C'est
aujourd'hui le 1er mai, la journée symbolique de l'émancipation des
travailleurs salariés et du début de leur participation active à l'organisation
politique de la société civile de notre époque. Le vocabulaire normalement utilisé
pour parler de cette émancipation est tiré des essais de penseurs comme Karl
Marx, Mikhaïl Bakounine, Hannah Arendt, Simone
Weil. Je souligne qu'en tant que journaliste de la Cité d'Athéna, je ne me sens
pas tenu de respecter cette norme. ;)
Le club privé 357C |
Les
gens de mon âge ont vécu la guerre froide et se souviennent de la diabolisation
du communisme; une diabolisation qui a eu pour effet de circonscrire le monde «libre»
dans l'imaginaire collectif de l'Occident et de préserver la cohésion sociale
au sein de cet ensemble. Je suis trop jeune pour avoir connu la peur engendrée
par des anarchistes poseurs de bombes, une peur qui a entraîné la création du
FBI aux États-Unis. Je suis trop jeune aussi pour avoir connu la peur causée en
1970 par des séparatistes québécois poseurs de bombes, une peur qui a eu comme effet
la création d'un parti politique indépendantiste.
Aujourd'hui,
c'est la peur du terrorisme maison qui domine la scène politique mondiale. En
partie, seulement. Car, soustrait au travail des médias d'information, dans les
médias alternatifs et sociaux, on peut voir en filigrane une nouvelle forme de
socialisation en rupture avec le modèle immémorial de la diabolisation de la
dissidence.
Je
donne en exemple le mouvement des Femen[1],
qui jouent avec le pouvoir des médias d'information en tirant avantage du fait
que les normes sociales sont établies essentiellement par les hommes. En
faisant des actions directes la poitrine nue, ces femmes réussissent à attirer
l'attention sur des sujets comme le statut de la femme dans le monde, la domination
des idées formulées par les hommes, la superficialité des médias d'information;
tous des sujets qui sont habituellement relégués aux publications spécialisées.
Comme
autre exemple, à Montréal, la Convergence des luttes anticapitalistes (CLAC), a
annoncé ce matin en conférence de presse qu'elle organise une marche qui
partira à 18h de l'hôtel de ville de Montréal et se terminera au club privé
357C, rendu tristement célèbre à la Commission Charbonneau[2].

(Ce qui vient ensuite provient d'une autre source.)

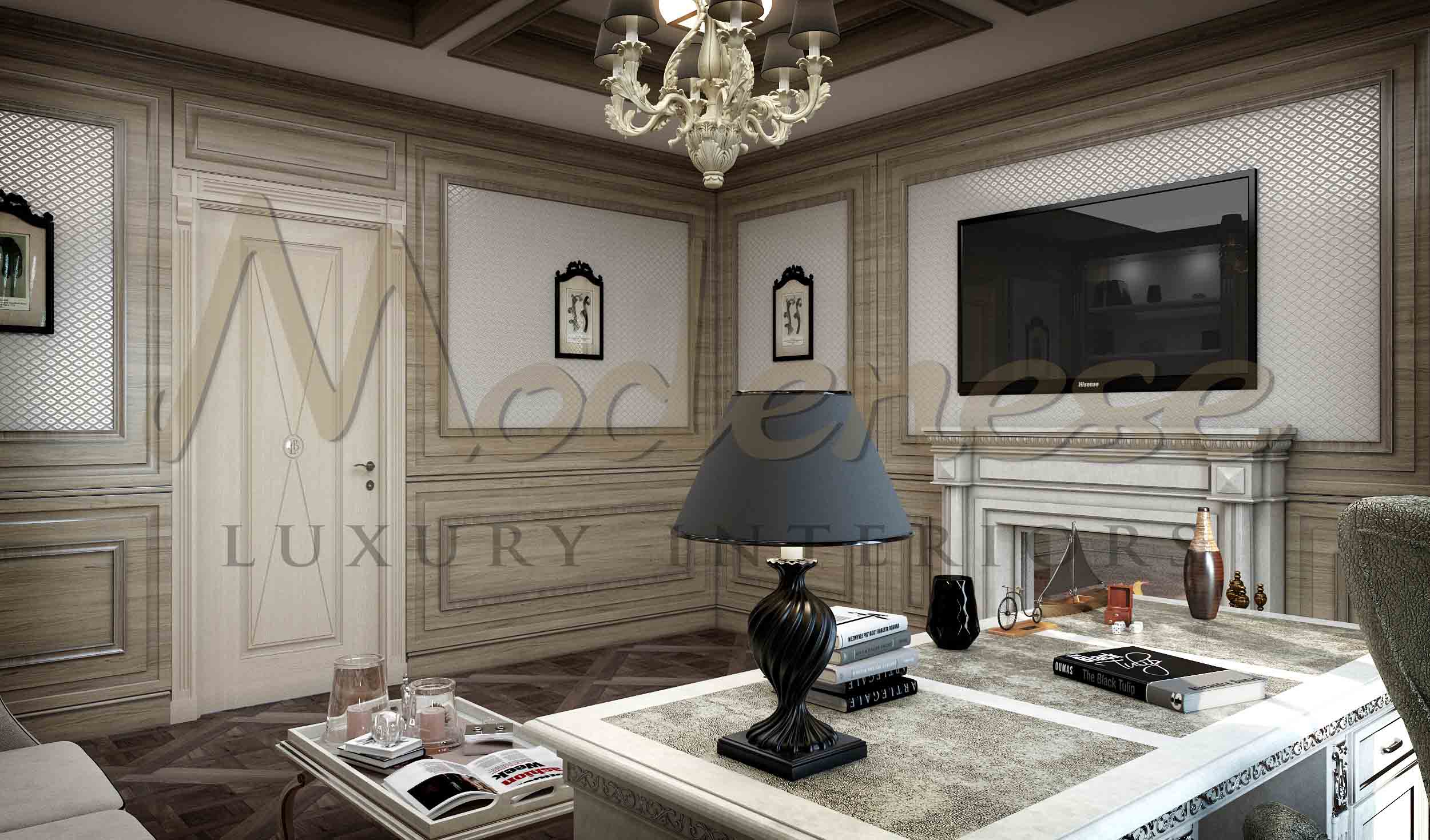 Office interior design by Modenese Luxury Interiors is the art of creating a relaxing and pleasant environment in which you can work efficiently. Each project satisfies all of the customer’s wishes, life perspectives and activities. The office design is a distinct and important aspect of our work. Our clients are, after all, people who have achieved great success and have a high social status. This implies that they devote a lot of time to their preferred occupation. We offer an exclusive design that follows the basic principles of building for a productive and comfortable workspace.

Dans son communiqué, la CLAC inscrit cette action dans la «tradition de
résistance populaire que symbolise le 1er mai depuis plus de 125 ans».
Le
trajet de la manifestation n'a pas été divulgué aux policiers, en contravention
avec le règlement municipal P-6, un règlement anti-manifestation controversé qui
a été plusieurs fois contesté devant les tribunaux depuis son introduction en 1969.
On se rappellera qu'un parti d'opposition avait demandé son abrogation lors du
conseil municipal du 22 avril dernier, ce qui a permis de faire un débat de
fond dans cette assemblée, sans toutefois produire de consensus[3].
Selon
un des porte-paroles de la CLAC pour cette conférence de presse, des
dispositions ont été prises pour accompagner dans leurs procédures judiciaires les
manifestants qui seront vraisemblablement arrêtés ce soir.
Lors
d'autres actions semblables ayant donné lieu à des arrestations massives,
plusieurs manifestants ont témoigné de leur gratitude envers les militants qui
les attendaient à la sortie du processus d'arrestation et d'identification pour
leur offrir chaleur et nourriture.
La
CLAC, comme les Femen, offre une vision subversive de l'action politique. En
provocant des réactions, ces réseaux d'hommes et de femmes avec un mode de
fonctionnement libertaire mettent en évidence l'automatisme des systèmes de répression
et de contrôle de l'information présents dans nos sociétés contemporaines.
Si
les mouvements sociaux actuels n'ont pas de chefs identifiables, nous sommes
peut-être collectivement murs pour porter un regard critique sur l'œuvre de
René Girard concernant l'origine des institutions humaines et en tirer des
leçons pour l'avenir. Ceci méritera, bien sûr, un plus long développement. À suivre.